Mail Archives: djgpp/2012/06/20/00:15:31
On Apr 30, 8:56 pm, Rugxulo <rugx DOT DOT DOT AT gmail DOT com> wrote:
> Hi,
>
> On Apr 30, 12:01 am, Andris Pavenis <andris DOT pave DOT DOT DOT AT iki DOT fi> wrote:
>
> > On 04/30/2012 06:12 AM, Claude Freeman wrote:
>
> > > Since a lot of distros dropped 586 recently, I don't think anyone's noticed....
>
> When was the last time that a Linux distro could actually run on a
> real 586? Not recently, even the "lightweight" ones barely run on so-
> called 686 anymore, esp. due to RAM or other reasons (drivers?). Hence
> why people like Fedora 11 (switched to i586) quickly jumped to i686
> for F12 (and newer). Though I personally (very highly!) doubt that
> "i686" (bunch of CMOVxx) optimization does jack squat to help for
> newer cpus.
>
> > According to the bug reports for GCC it was noticed.
>
> So why didn't they just revert back to a sane choice? It's quite a
> silly regression.
>
> > The problem is perhaps that few of developers have 586 any more and this problem most likely have
> > very low priority now for them. It is actually detection which CPU features area available what is
> > broken for 586. It is detecting that CMOV can be used when it is really not supported.
>
> This is really not hard, just testing a few bits from CPUID. It's not
> rocket science. But I gather that GCC developers are few (relatively)
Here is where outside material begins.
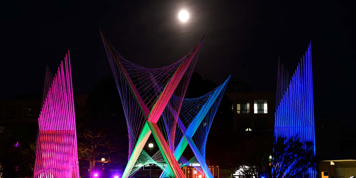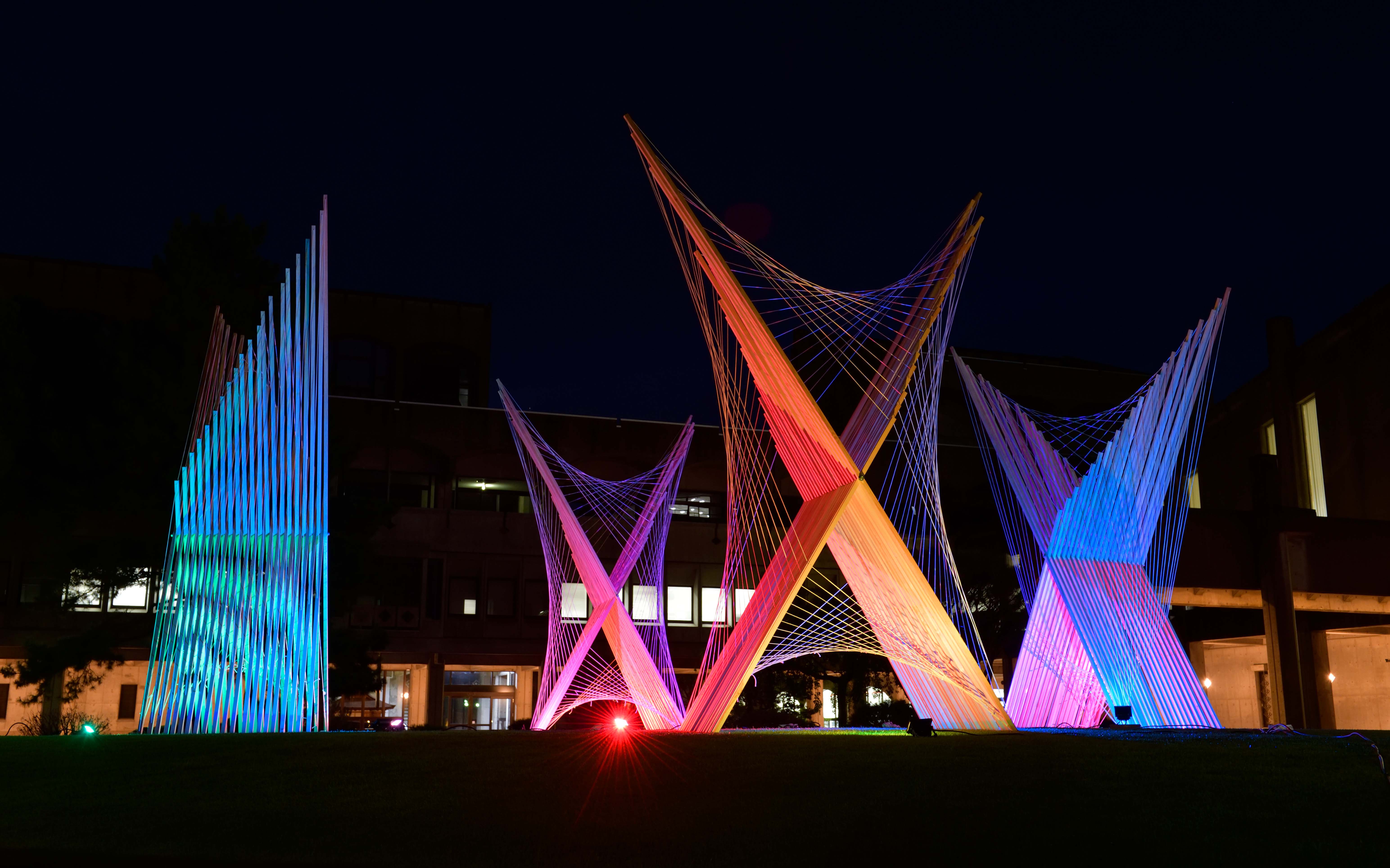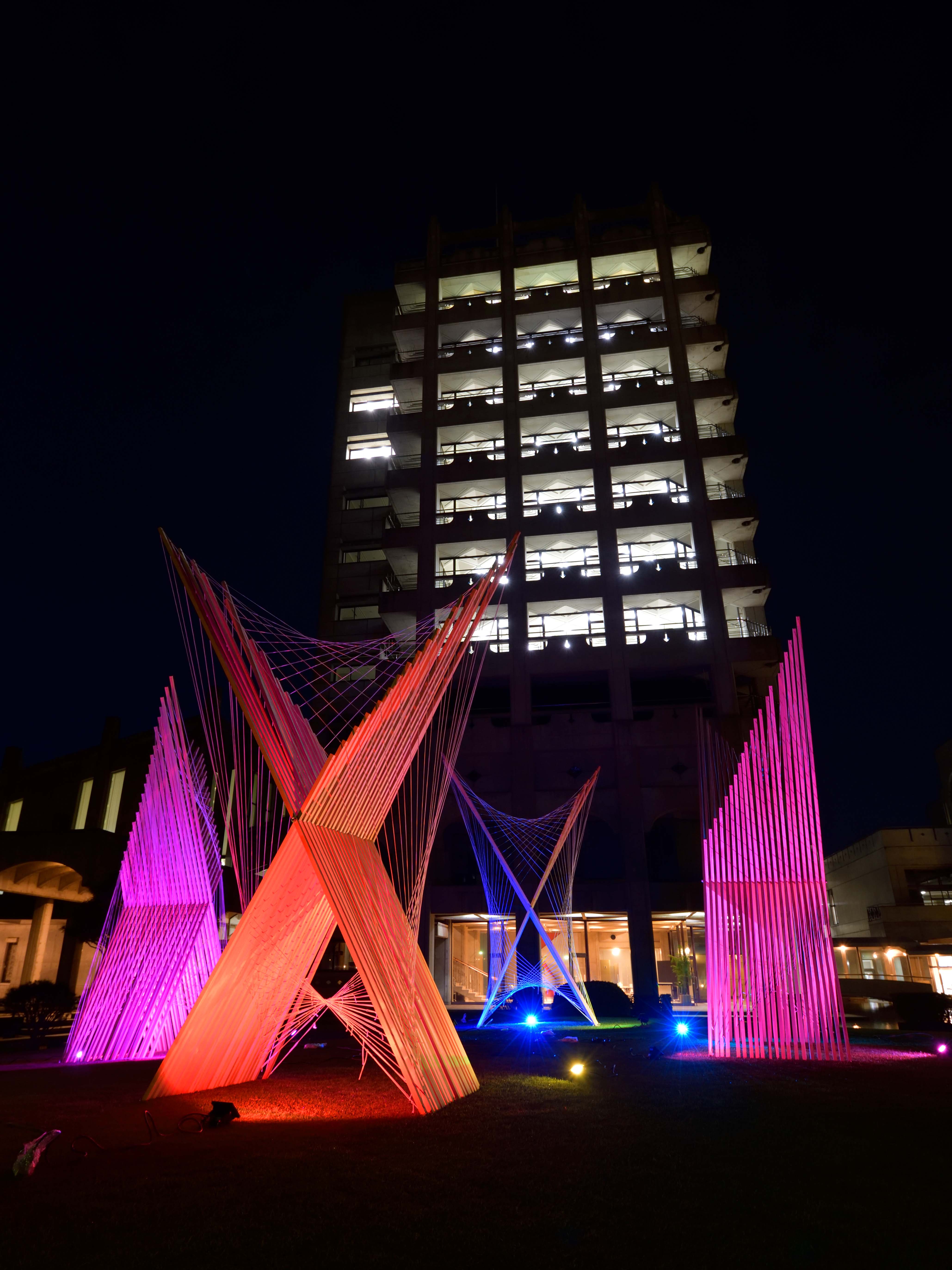施工はシンプルな工程の繰り返しのはずでしたが、木材がゆがんだために留めるボルトの位置を調整したりするなどやってみないと分からない問題もあるのだと気づきました。施工スケジュールを管理していましたが、グループのメンバーはまとまりも良く予定通りにオブジェを完成する事ができました。途中、ライトをあてたらどう見えるかテストはしていましたが実際、会場でライトをあてて見た時は自分たちが思っていたより成功していたので良かったです。実は、ちゃんと建つかも不安だったので…。

> compared to audience and they obviously have a lot of their plates
> (billion architectures and OSes, though mainly focusing on POSIX).
>
> > PS. You can of course try my build of GCC-4.7.0 for DJGPP (seehttp://ap1.pp.fi/djgpp/gcc/4.7.0/),
> > but be warned that I do not know whether this problem is fixed neither I have any 586 system for
> > testing. Also be warned that this version will perhaps be even more memory starved and slow on 586.
>
> Since the OP is the one with the actual 586 he's trying to use, he
> should do this (IMO, feel free to ignore):
>
> 1). Recompile something relatively simple like Gzip (or Bzip2) with
> GCC 2.95.3 with "-O2 -march=pentium", and do a "redir -t gzip -d
> random5mb.tgz".
>
> 2). Do the same but with GCC 4.7.0 (or 4.6.3 or 4.2.3 or whatever).
> Though I would be surprised if it did anything better as I doubt much
> has changed (if anything!!!) in 586 optimizations since then.
>
> So unless you really want newer language standards (C++, Ada) or
> features, I'd stick to older GCCs (or another compiler entirely or
> even interpreter), esp. if you're just dinking around to learn C.
> Though perhaps GCC 3.4.4 would be a good compromise. But on such an
> "old" machine, it's just not reasonable to use latest GCC, IMO.
>
> On my old P166, which I don't use due to broken floppy drive [among
> other things], I just used both my own slimmed C-only 2.95.3 and full
> 3.4.4 for some other stuff [GPC]. Though it was a DOS-only machine,
> heh, so I didn't have the overhead of Windows.
>
> P.S. I should probably mention that, IIRC, 2.7.2.3's "GCC -O2" was as
> fast (or faster) than 2.95.3's -O0. And 3.x obviously slowed down a
> lot vs. 2.x, similar big slowdown for 4.x, so I dunno. Just try a few
> things and get a feel for it. You're the one using it, so it's your
> ultimate decision! (2.7.2.3 [1995-7] only did optimizations 386 or 486
> [only added extra alignment], it was 2.8.1 [1998] that added
> preliminary 586 optimizations [UV pairing], and 2.95.3 [1999-2001]
> first added 686 support and was last of series before switch to 3.x.)
I'll try it out. thanks!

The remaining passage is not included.